You can point out that this is starting to affect your relationship and ask him to get help before things take a wrong turn
Illustration/Uday Mohite
I have been in a relationship for four years and we have been struggling to stay excited about each other. We know things cool off after a point and have tried our best to freshen things up in all kinds of ways, but it is starting to feel as if this is a chore. My partner and I both hate this feeling because we genuinely love each other and believe we will spend the rest of our lives together. At the same time, if this is how things are after just four years, how will we manage to keep this spark alive a decade or two from now? We have been considering therapy but don’t know if this is a sign that our relationship is fading rather than evolving. What should we do?
You’re doing the right thing by speaking to a professional, because it means you are both acknowledging that things need to change.

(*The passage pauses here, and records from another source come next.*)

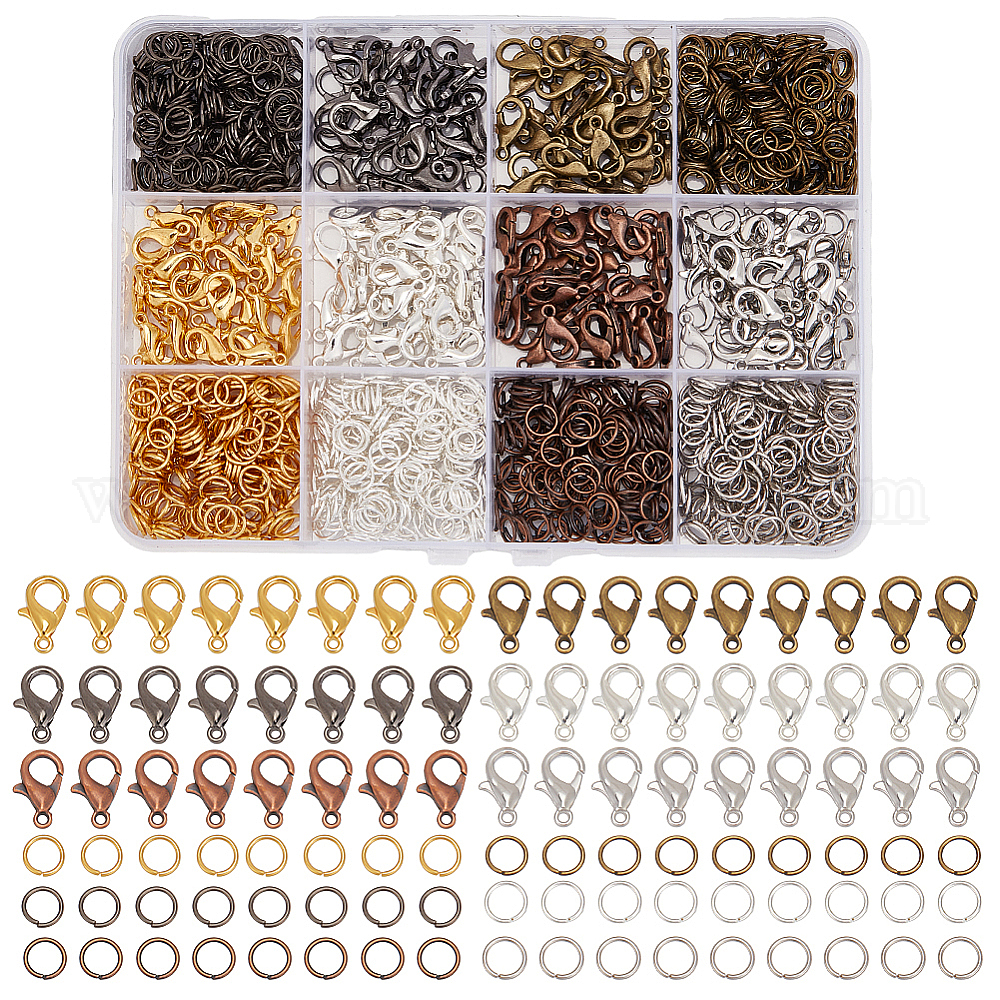 180 шт. 6 цветные застежки-карабины из цинкового сплава, с 1200 железными открытыми прыжковыми кольцами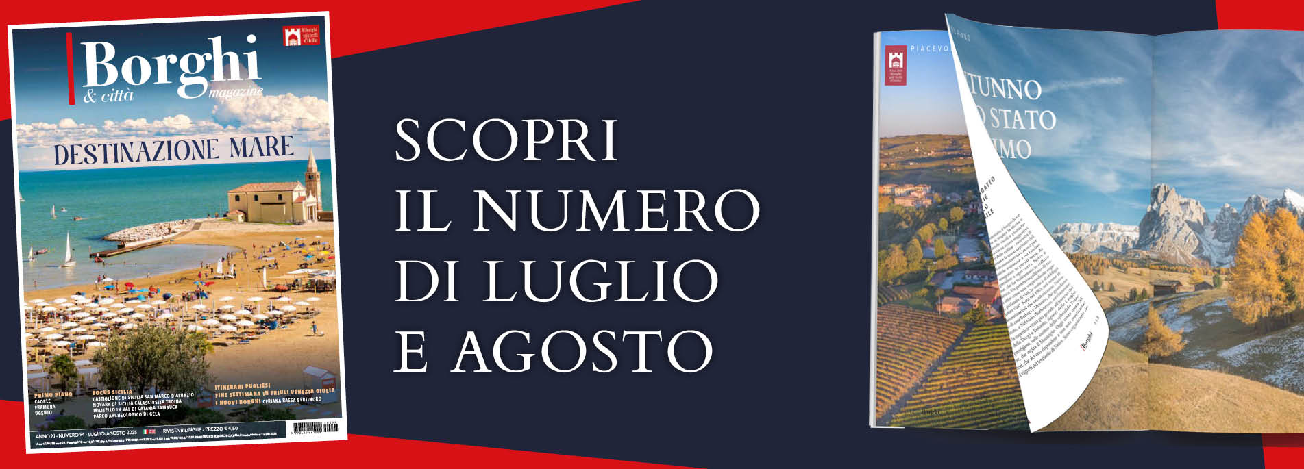Tropea, Castelsaraceno, Chiusa, Val d’Ultimo, Bressanone, Ossana, Portobuffolè, Asolo, Mel, Cesenatico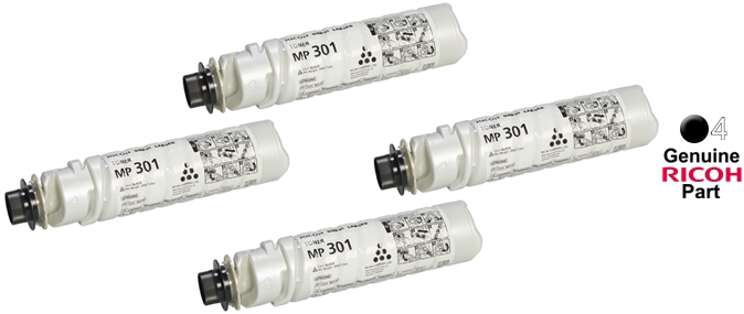 These are genuine Ricoh Aficio MP 301SPF OEM black toner cartridges that are guaranteed by the manufacturer to generate optimum print quality and give you maximum productivity.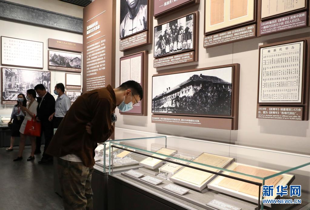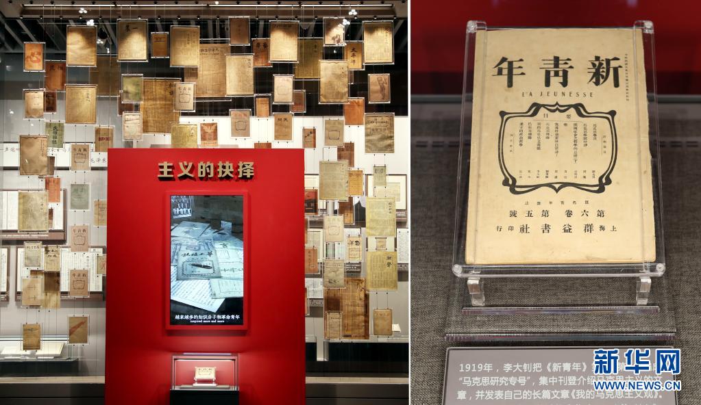 大型立體式視覺(jué)置景名為“主義的抉擇”,100件五四運(yùn)動(dòng)前后傳播馬克思主義、社會(huì)主義的報(bào)紙雜志,錯(cuò)落陳列在玻璃墻上。其中,《新青年》第6卷第5號(hào)“馬克思研究專號(hào)”在前端“高光”展示,這期“專號(hào)”標(biāo)志著馬克思主義在中國(guó)的傳播進(jìn)入了較為系統(tǒng)的階段(6月1日攝)。新華社記者 劉穎 攝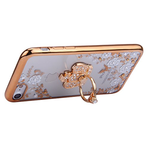 Ukayfe Custodia Resistenti per iPhone 7/8, Confine di placcatura Disegni Bella Vintage Elegante Trasparente Clear View Ultra Slim Sottile Morbida Soft TPU Silicone Gomma Gel Intarsiato Vans Glitter Brillantini Bling Diamante e Colorate Fiore Dipinto, Particolari Fantasia Lusso per Donna Ragazza Antiurto Protettiva Rigida Anti-scratch Cover Case Custodia Bumper -D'oro-Fiore bianco con Corona imperiale supporto

Self-awareness is terribly important and the fact that you are both concerned and want to make this work is a sign of evolution even if it doesn’t seem that way. All relationships go through ups and downs, some more difficult than others, but asking for help is never a sign of weakness, nor is it an indication that things have begun to slow down. It’s easy to be pessimistic about this, but keep in mind that dialogue and expert advice can go a long way towards not just making things work in the near future, but in the years to come, because you will both be armed with coping mechanisms and ideas for how you can take this to the next level. Wanting to be together is half the battle won, so don’t give up just yet.
My significant other is always angry and makes me feel as if it is my fault. How can I change this habit?
You can point out that this is starting to affect your relationship and ask him to get help before things take a wrong turn.